Far-forward contracts maturing in November ended at 309-311 paise.

The rupee bounced back against Pound Sterling to end the week at 87.09 from previous weekend’s close of 88.48. The local currency also turned positive against the euro to close at 70.62 from last weekend’s level of 71.61.

However, it shot up further against the Japanese yen to close at 65.63 per 100 yen from 67.49 last weekend.

Oil and oilseeds: Edible oil prices traded mixed, while non-edible prices recovered at the oils and oilseeds market during the week under review.

Groundnut oil prices rallied smartly on stockists and retailers demand amidst limited arrivals from producing belts.

Refined palmolein on the other hand, fell owing to lack of retail buying support on the back of bearish Malaysian cues.

Castorseeds bold and castoroil commercial gained on rising demand from shippers and soap industries.

However, castorseeds futures eased further on selling pressure from retailers following weak export enquiries.

Linseed oil prices held stable in the absence of any largescale buying activity.

Markets remained closed on Wednesday, November 28 on account of “Guru Nanak Jayanti“.

In the edible oils segment, groundnut oil resumed higher at Rs 1,250 and advanced further to close at Rs 1,260 from last weekend’s level of Rs 1,240 per 10kg, showing a rise of Rs 20.

Refined palmolein opened higher at Rs 516, later drifted to Rs 500 before finishing at Rs 493 from preceding weekend’s level of Rs 513, showing a loss of Rs 20 per 10kg.

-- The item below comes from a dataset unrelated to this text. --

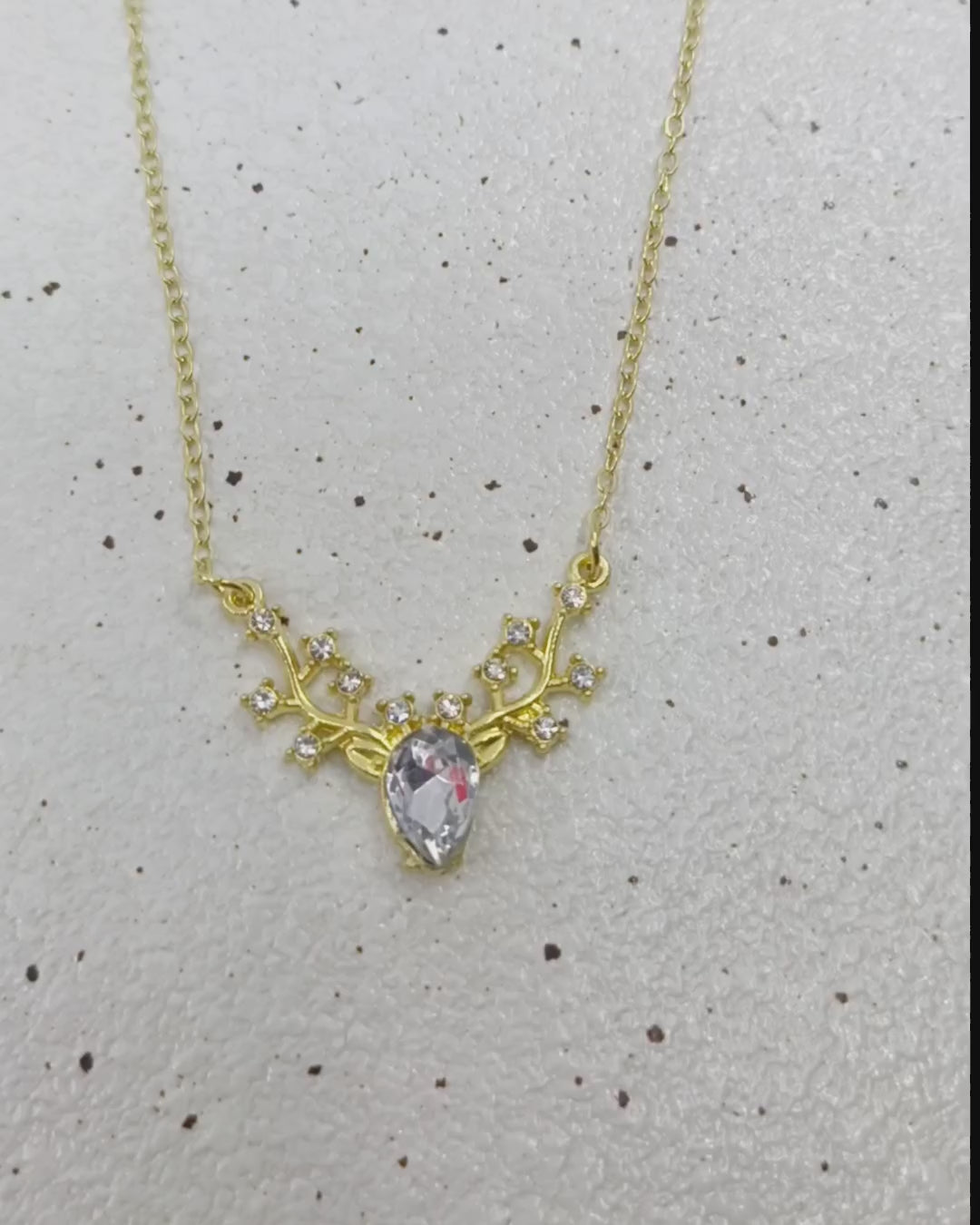 UNI-10288 - Crystal Diamond Deer Gold - Necklace

In the non-edible section, Castorseeds bold resumed steady and later moved in the range of Rs 3,400 and Rs 3,450 before closing at Rs 3,475 from last weekend’s level of Rs 3,425, a net gain of Rs 50 per 100 kg.

Castoroil commercial also opened stable and later moved in the range of Rs 710 and Rs 720 before closing at Rs 725 from its previous weekend’s level of Rs 715, a gain of Rs 10 per 10kg.

Linseed oil maintained a steady trend at Rs 820 as its preceding weekend’s level of Rs 820 per 10kg.

Moving to the futures section, castorseeds for the December delivery resumed lower at Rs 3,575 and hovered between Rs 3,590 and Rs 3,513 before concluding at Rs 3,575 from last Saturday’s closing level of Rs 3,590 showing a modest loss of Rs 15 per tonne.

Bullion: Both the precious metals suffered a sharp setback at the domestic bullion market here during the week under review.

Precious-Gold failed to maintain its buoyant momentum and tanked to hit a three-week low on the back of heavy unwinding from speculators and stockists following overall global bearishness.

Sluggish demand outlook amid a firmer rupee further dampened sentiment. Though there was some modest up—tick in view wedding season offtake, most retail investors’ refrained from making any purchases hoping further slump in prices.

The plunge came after the shiny metal conquered a fresh historic high at the start of the week driven by heavy investment buying spree.

The metal lost more than 3 per cent during the week recording its steepest fall in this current calender year so far.

Silver also exhibited great volatility throughout the week and fell sharply after scaling to a fresh 12—month high on frantic speculative profit-taking.

On the global front, investors’ confidence in gold was battered after a sudden mid-week sell-off, its biggest one-day fall triggered by growing uncertainty over the recent Greek debt deal and looming fiscal crisis in US amid strong dollar valuations.

The industrial metal also came under renewed selling pressure amid subdued demand.

In New York, gold for the December delivery dropped to USD1,712.70 an ounce from last weekend’s level of USD1,751.40 an ounce.

The March contract also declined to USD 33.28 an ounce.

Standard gold (99.5 purity) commenced strong at Rs 32,525 and moved further to Rs 32,530, but later plummeted to finish at Rs 31,275 from preceding weekend’s level of Rs 32,340, showing a steep fall of Rs 1,065, or 3.29 per cent per 10 grams.

Pure gold (99.9 purity) started higher at Rs 32,665, but later slumped to conclude at Rs 31,430 over its previous close of Rs 32,485, registering a sharp loss of Rs 1,055, or 3.25 per cent per 10 gram.

Silver ready (.999 fineness) opened firm at Rs 64,230 and firmed up further to Rs 64,350 before drifting back to end at Rs 62,735 from its last weekend’s close of Rs 63,960, showing a hefty fall of Rs 1,225, or 1.19 per cent per kg.